What if part of a “typical” doctor’s visit could happen before the actual office visit? Common consumer devices, such as sensors and digital scales, could capture and send a patient’s biometric information to a clinician beforehand. Through a secure portal, a computer-generated medical assistant would guide a patient through standard intake questions, such as family medical history, and ask what issues or concerns need to be addressed during the visit. Then, using a diagnostic engine to analyze the combined data, clinical options would be suggested to the doctor prior to the appointment.
Virtual health solutions are already being used in health systems globally. One example is a pilot program in Scotland using virtual care tools in an emergency department. The pilot found nearly 85 percent of patients in urgent care could be safely assessed with remote diagnostic equipment, such as an electronic stethoscope, with similar levels of patient satisfaction. Roughly 10 percent of patients preferred virtual visits to in-person visits because they found it was more engaging to see what the doctor was seeing, such as an eardrum or heartbeat. This is similar to what happened when televised sports went from novelty to necessity. Just being at the game wasn’t enough, people wanted to see replays, statistics and other graphical information to augment the experience.
The Patient as a Resource
Surprisingly, the patient remains the most-underutilized resource in medicine. Engaging patients in their own care through virtual health models can help the industry accomplish those goals and, at the same time, produce better health outcomes.
Greater emphasis on virtual health practices across the globe is increasing the opportunity for patients and doctors to benefit from new digital technologies.
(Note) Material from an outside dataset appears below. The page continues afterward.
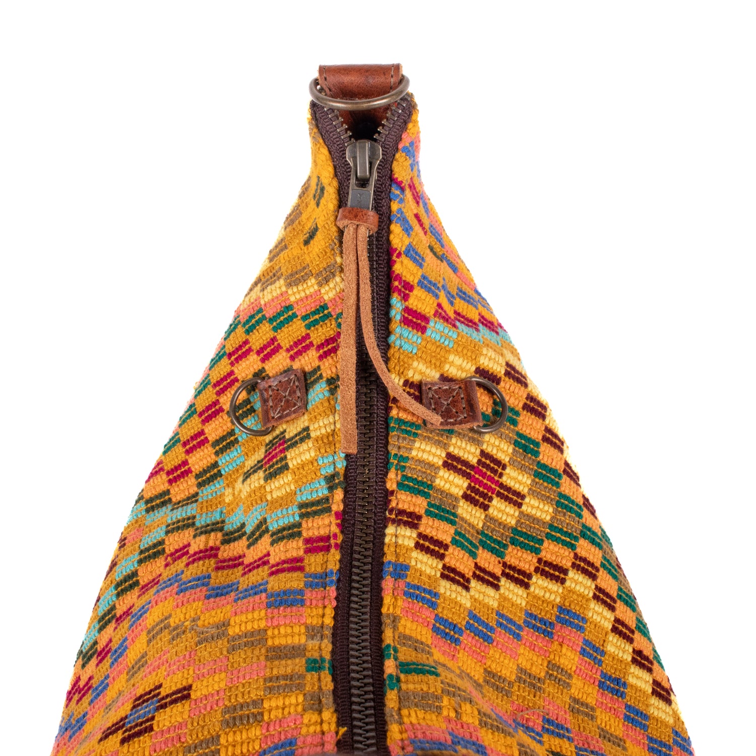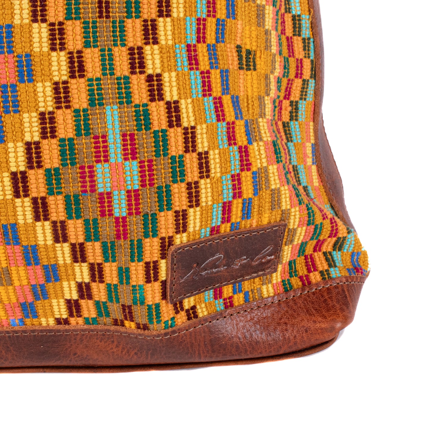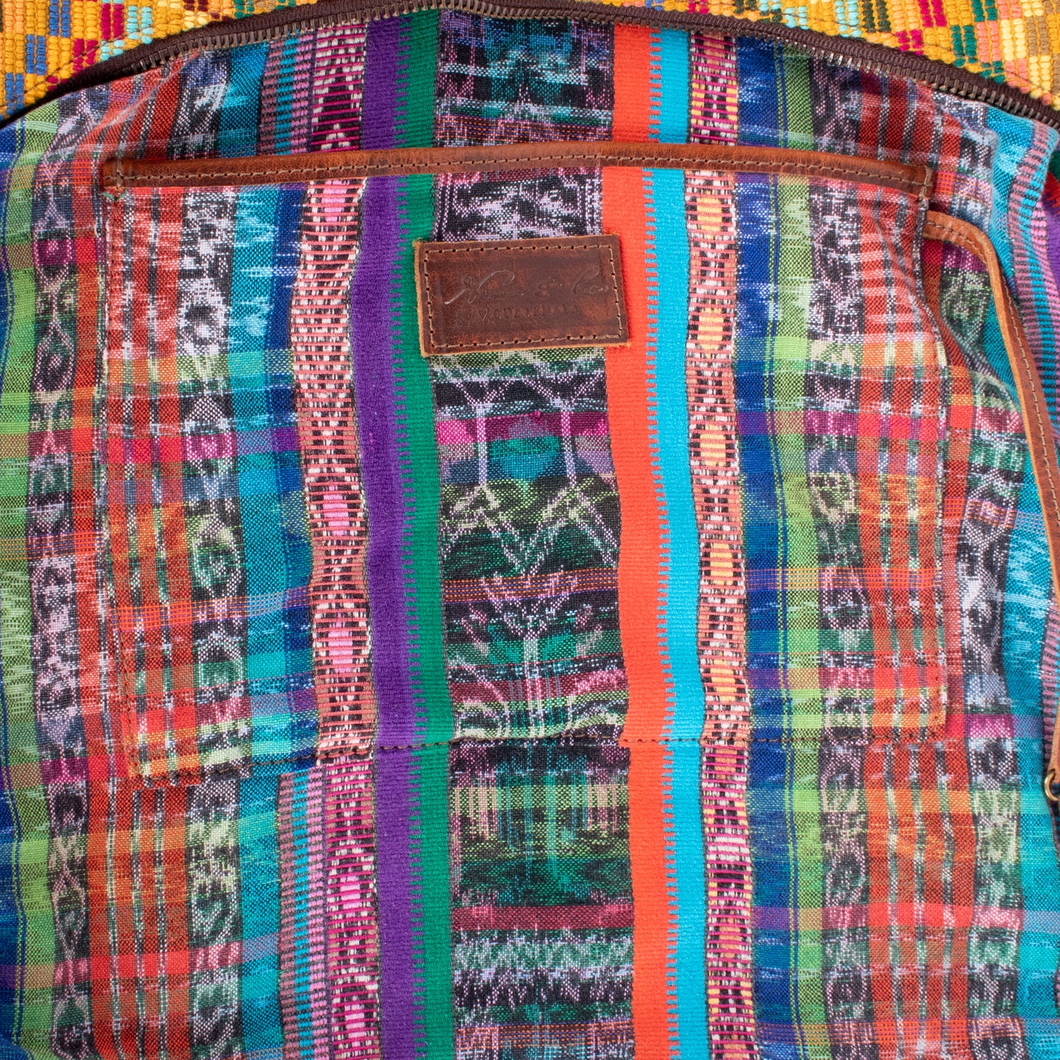 Many unique Maya symbols can be found in our One of a Kind Collection. The fabric we use for this collection is made from upcycled vintage huipiles (traditional attire worn by women in Guatemala) that were handwoven by Artisans up to 10 years ago, and they have lived a full life before being incorporated into your leather bag!

For example, social portals, such as the Big White Wall, are enabling U.K. citizens to access behavioral health services and interact with peers in a clinically monitored environment. In another example, the Silver Cloud in the United Kingdom provides mental health professionals with a technology to enable patient interaction outside of visits. One-fourth of patients in the UK National Health Service who receive mental health services from a clinician do so using digital technologies.
Consumer self-care tools, such as digital solutions that interface with medical devices, are also a viable option for chronic disease management. Accenture recently completed an analysis of primary care visits and looked at the parts of a visit that can be removed when digital technology is used to supplement patient visits. We estimated that for just diabetes care, the time that can be freed up for other uses is equivalent to approximately 24,000 full-time PCPs. In other words, the physician capacity that’s unlocked can be applied to treating more patients or other value-added activities, essentially improving the productivity of the whole system.
Digital technology, in the right context, is a critical element of making care both more productive and more personalized at the same time. The technologies that exist now can deliver care in a more affordable way by optimizing the clinician’s time. And, just maybe people will feel they are really getting their money’s worth.